Does anyone have any information or experience working with the trainer/facility?

I have some private lessons scheduled soon, wondering if anyone has feedback on the facility.

(I hope this is okay to put the website here)

http://www.thatsmydog.com/


----------



## Dohhhhh (May 1, 2006)

I have attended several of Robin's seminars and was certified in e-collar training by a trainer who attended and graduated from her e-collar school. Robin is an EXCELLENT trainer


----------



## WISLADY (Apr 9, 2007)

Thank you so much for your reply. I can't wait to get started.


----------



## WISLADY (Apr 9, 2007)

Tracie, 

Thank you for your positive feedback. I spent several hours at the facility, and left feeling confident in using the remote training. 
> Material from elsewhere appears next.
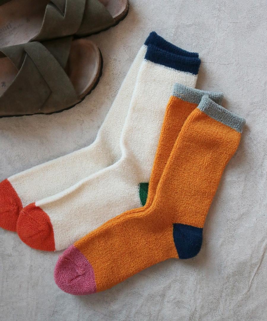 シンプル、フォークロア、シュール、ナチュラル、アウトドア、クリエイティブ等、多種多様な要素を取り入れ、1ブランドでありながら複数ブランドであるかのような不思議な世界観をもった靴下ブランドです。
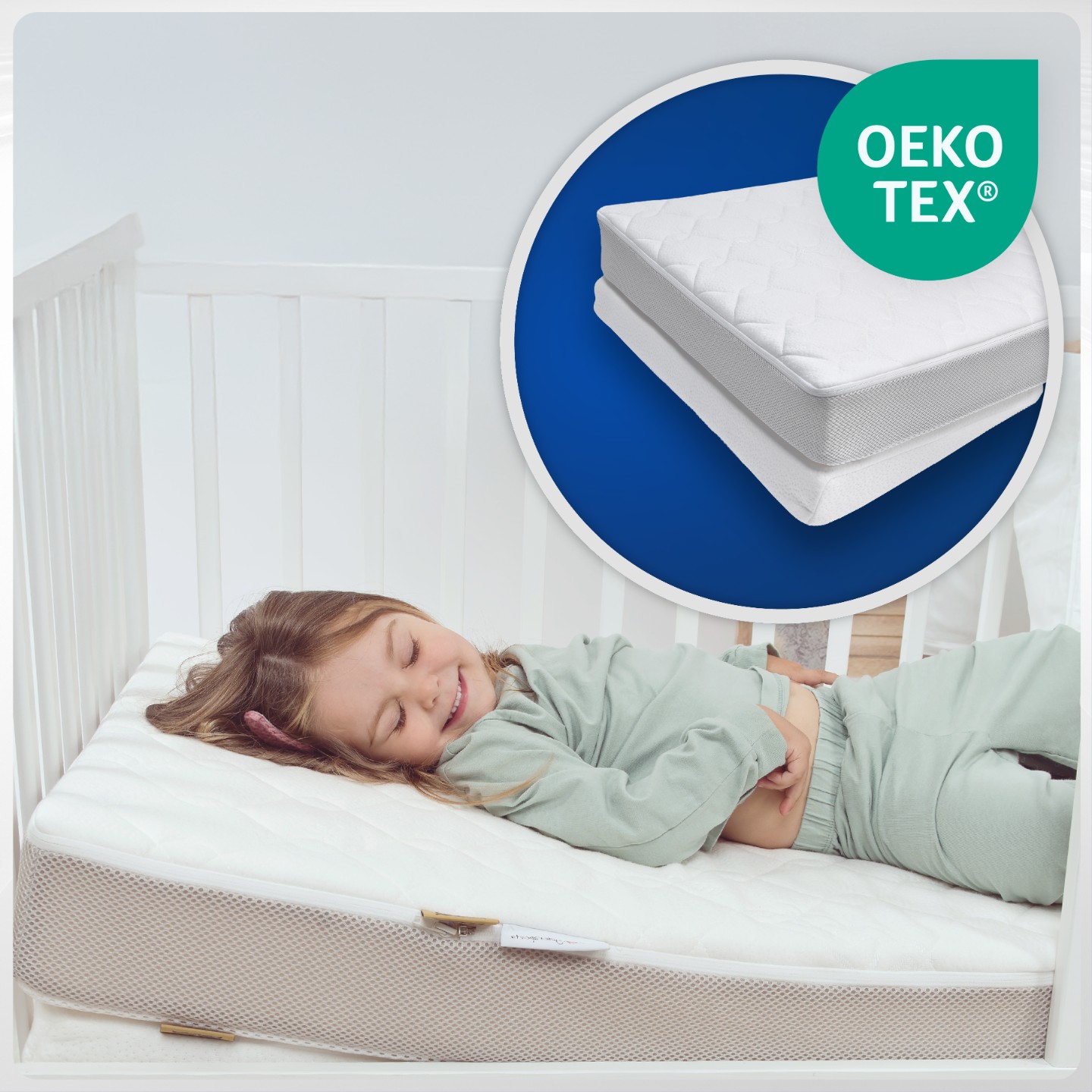 ✔️ Klin unosi górną część ciała dziecka o kilka centymetrów, tworząc optymalny kąt nachylenia materaca.

Robin and her staff were excellant!


----------



## Prinzsalpha (Jul 6, 2005)

Oh I wish it was closer, I think I need to go this route!!


----------



## showshepherds4me (Jun 2, 2010)

I have used the e-collar as a last resort. Showshepherds have a tendency to shut down with e-collars. Chris and Minna Becher in Campbellsport area are excellent.


----------



## Samba (Apr 23, 2001)

Robin uses the e-collar in training, not as a last resort so much. It has application in other ways than "last resort" training. It is one of the least corrective devices so can work well with very soft dogs. I am speaking of the modern collar. 

I imagine Robin has many methods of training though. I have some of her DVDs. She seems talented!


----------



## WISLADY (Apr 9, 2007)

I can't believe it has been so long since I last posted on this subject! I use the remote collar every day to exercise my dog. I learned a lot from Robin and her associates, and I went back last year for a refresher course. We have also attended some of the afternoon classes, mostly just for socializing. She usually has some kind of dog walks each week, anyone can attend.
I would recommend Robin and her staff for any issues that anyone might be having with their dog. The e collar is just another tool, I don't consider it a "last resort" measure at all.


----------



## showshepherds4me (Jun 2, 2010)

I don't know Robin and have no opinion on her training methods. I have used an e-collar but rarely. Many people use the e-collar effectively and correctly and under a good trainer it can be a great tool. I did not mean to offend anyone's training methods, because only the handler and their trainer can know what works for each dog. I was simply stating that I rarely use e-collars because they flatten my Schutzhund dogs out.


----------